● **Task to complete**: Repeat the data word for word, excluding every picture.

● **Exercise data**:
○ ○ ○
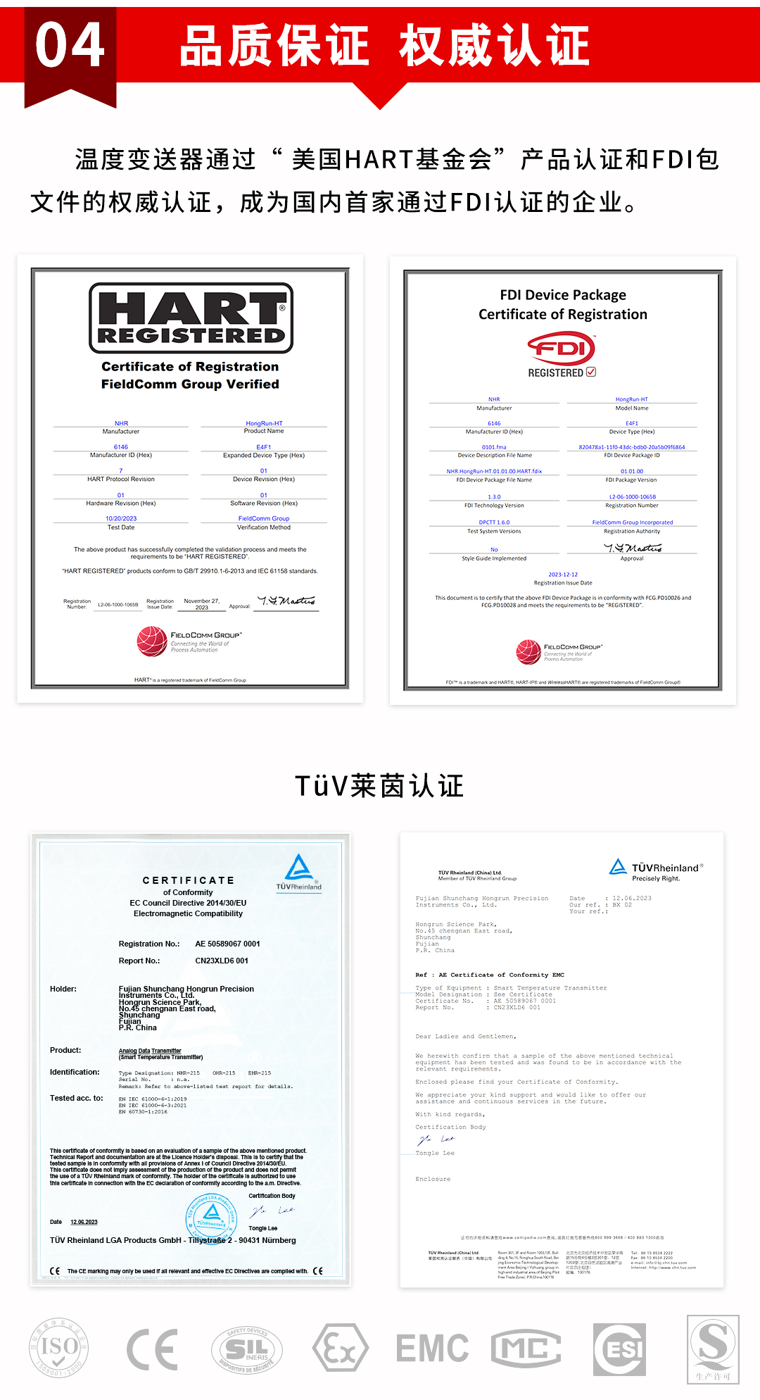 虹潤公司是專業(yè)生產溫度變送器的國家專精特新“小巨人”企業(yè)。生產的智能溫度變送器,具有適配各類溫度傳感器,精度高,通過編程線修改輸入信號類型及量程,高抗干擾,HART或485通訊等特點。該產品不僅通過HART基金會認證、德國萊茵 CE 認證與 SIL 功能安全認證,還獲得具備減震抗干擾能力的溫度變送器、信號隔離器、一種二端子模塊、無源信號隔離器等4項國家發(fā)明專利,主持起草物聯(lián)網智能溫度儀表、現(xiàn)場設備工具(FDT)接口規(guī)范、工業(yè)過程測量和控制系統(tǒng)用溫度變送器等3項國家標準,以及通信系統(tǒng)多通道數據采集控制終端規(guī)范軍用標準,參與國際5G標準制定,取得HART溫度變送器、智能溫度變送器等3項相關軟件著作權。產品廣泛應用于石油、化工、電力、冶金、制藥、食品、水處理等各種工業(yè)領域。
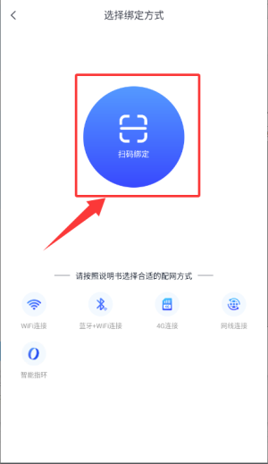 3、在绑定方式中选择“扫码绑定”功能,通过扫描设备二维码完成连接操作。
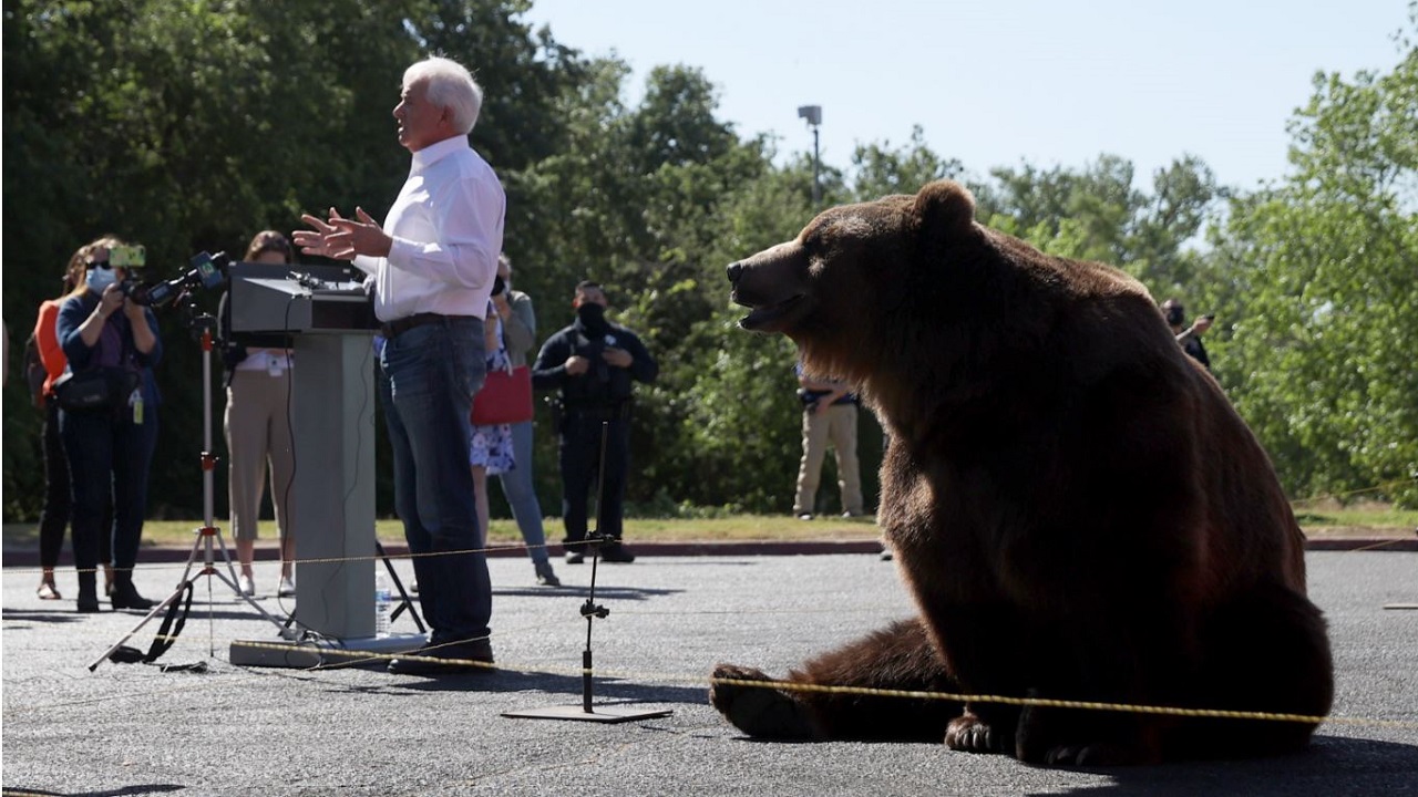 أثار جون كوكس، أحد المرشحين الجمهوريين لخلافة حاكم كاليفورنيا المهدد بسحب الثقة منه في استفتاء مقبل، ضجة كبيرة إثر ظهوره في لقاء انتخابي بجانب دب بني.
○ ○ ○
● **Answer to this exercise**:
 虹潤公司是專業(yè)生產溫度變送器的國家專精特新“小巨人”企業(yè)。生產的智能溫度變送器,具有適配各類溫度傳感器,精度高,通過編程線修改輸入信號類型及量程,高抗干擾,HART或485通訊等特點。該產品不僅通過HART基金會認證、德國萊茵 CE 認證與 SIL 功能安全認證,還獲得具備減震抗干擾能力的溫度變送器、信號隔離器、一種二端子模塊、無源信號隔離器等4項國家發(fā)明專利,主持起草物聯(lián)網智能溫度儀表、現(xiàn)場設備工具(FDT)接口規(guī)范、工業(yè)過程測量和控制系統(tǒng)用溫度變送器等3項國家標準,以及通信系統(tǒng)多通道數據采集控制終端規(guī)范軍用標準,參與國際5G標準制定,取得HART溫度變送器、智能溫度變送器等3項相關軟件著作權。產品廣泛應用于石油、化工、電力、冶金、制藥、食品、水處理等各種工業(yè)領域。
 3、在绑定方式中选择“扫码绑定”功能,通过扫描设备二维码完成连接操作。
 أثار جون كوكس، أحد المرشحين الجمهوريين لخلافة حاكم كاليفورنيا المهدد بسحب الثقة منه في استفتاء مقبل، ضجة كبيرة إثر ظهوره في لقاء انتخابي بجانب دب بني.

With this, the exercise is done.